Fiscal Sponsorship: How to Avoid Risk

Some of you may have heard or read about the recent collapse of the California-based fiscal sponsor International Humanities Center (IHC), documented in detail by Rick Cohen and the Los Angeles Times.

Some of you may have heard or read about the recent collapse of the California-based fiscal sponsor International Humanities Center (IHC), documented in detail by Rick Cohen and the Los Angeles Times.

To me and the other members of the Steering Committee of the National Network of Fiscal Sponsors (NNFS), this story was a reminder that as evangelists for this poorly-understood field, we need to redouble our efforts to help the nonprofit sector – funders and practitioners alike – understand the differences between responsible practices and risky ones.

Fiscal sponsorship, when done right, is a tremendously valuable, highly efficient way to build community social capital. In its most typical iteration, called comprehensive fiscal sponsorship, the non-profit sponsor assumes legal and financial responsibility for the activities of groups engaged in work that furthers the sponsor’s exempt charitable purpose, acting as a kind of umbrella for those activities.

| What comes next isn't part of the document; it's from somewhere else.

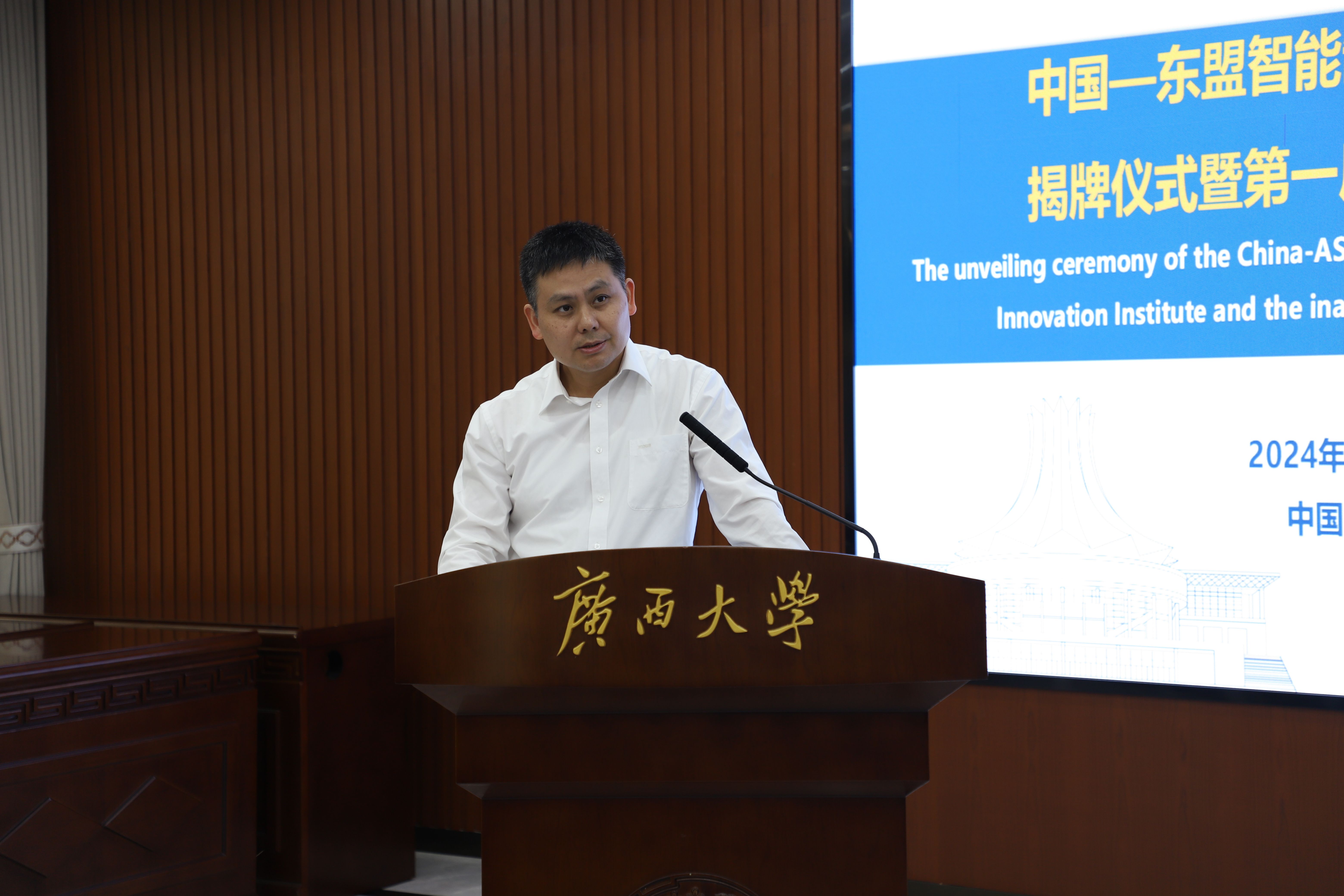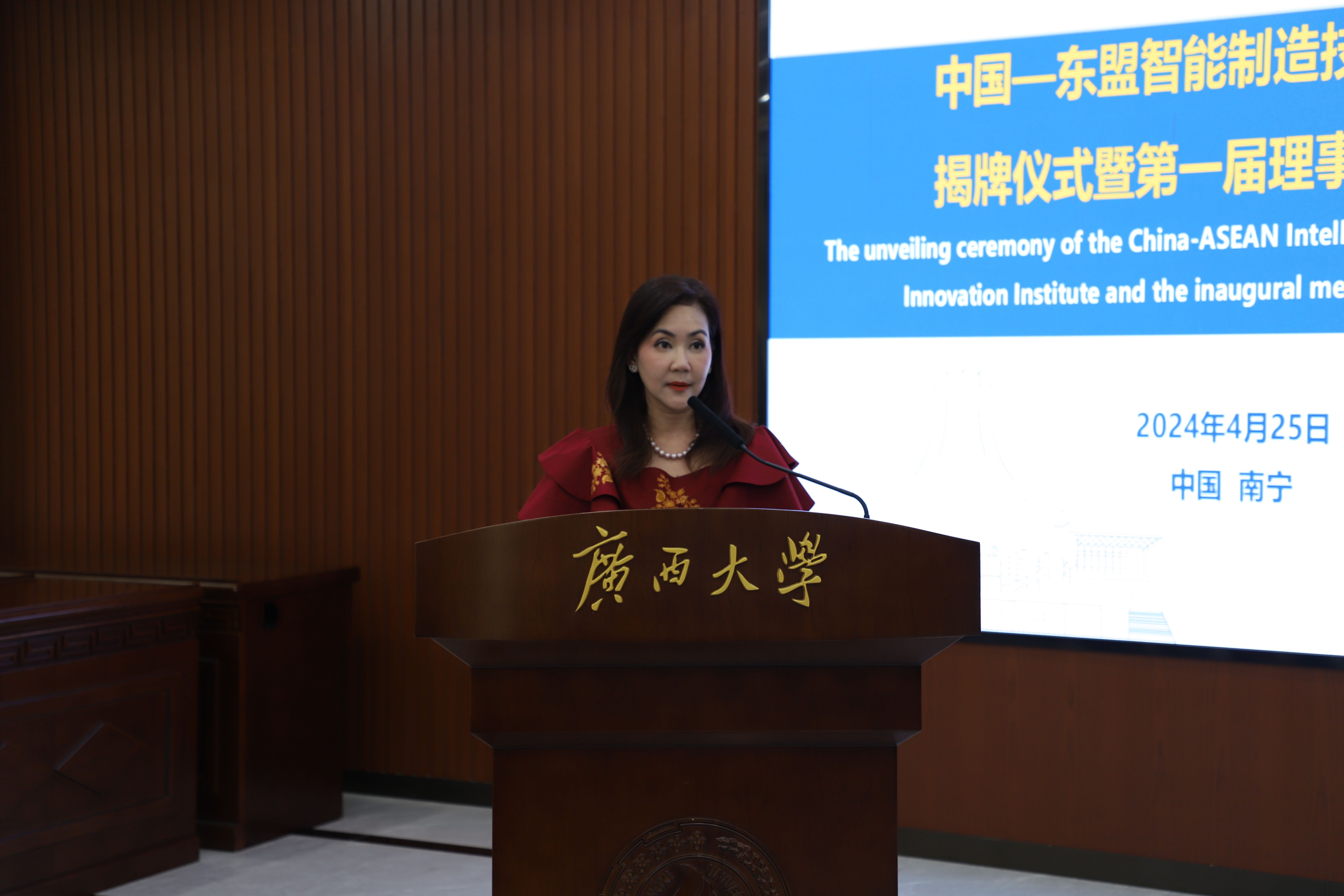 揭牌仪式上,马献力代表学校对中国-东盟智能制造技术创新学院的成立表示祝贺。他强调,学校历来重视与东盟国家高校的合作与交流,聚焦“亚热带、东盟、海洋、边疆民族”办学特色,与东盟国家深入开展多项中外联合办学及科研合作,学科国际影响力不断提升。今年,广西政府聚焦打造中国职业教育创新高地、服务中国-东盟共同发展,批准建设首批10所与区域特色优势产业深度融合的高起点、高标准、高水平的技术创新学院,重点培养支撑产业技术创新的高层次技术人才,解决产业发展的关键技术问题,推动重大科技成果产业化。由我校beat365亚洲版官网牵头建设的“中国-东盟智能制造技术创新学院”就是其中之一。中国-东盟智能制造技术创新学院的成立和建设,是我校积极落实“深耕东盟,着眼世界”的国际化发展战略的一项重要举措,也将为自治区建成立足广西、面向东盟、服务共建“一带一路”的职业教育对外开放合作创新高地贡献重要力量。

Fiscal sponsorship allows new ventures to get off the ground quickly and efficiently, without the complications associated with incorporating and filing state and federal applications for tax exemptions. Fiscal sponsors also conserve charitable funds by providing a streamlined set of accounting, insurance, payroll, personnel and other systems (essentially one unified “back office”) to many different projects, with higher quality and at lower cost than if each of those ventures operated separately.

Because sponsored projects are not separately incorporated, startup and wind-down are straightforward, making sponsorship an attractive option for social entrepreneurs. In addition, a larger pool of employees enables sponsors to provide better benefits at a lower rate than groups could obtain on their own.

Exercise Due Diligence

At the same time, because of the legal and financial responsibility that sponsors assume, it’s a relationship that demands the exercise of due diligence on both sides. Project staff are employees of the sponsor and project activities are legally the sponsor’s activities, so it’s essential that sponsors have well-designed training, monitoring and compliance systems as well as insurance coverage broad enough to cover all sponsor and project activities.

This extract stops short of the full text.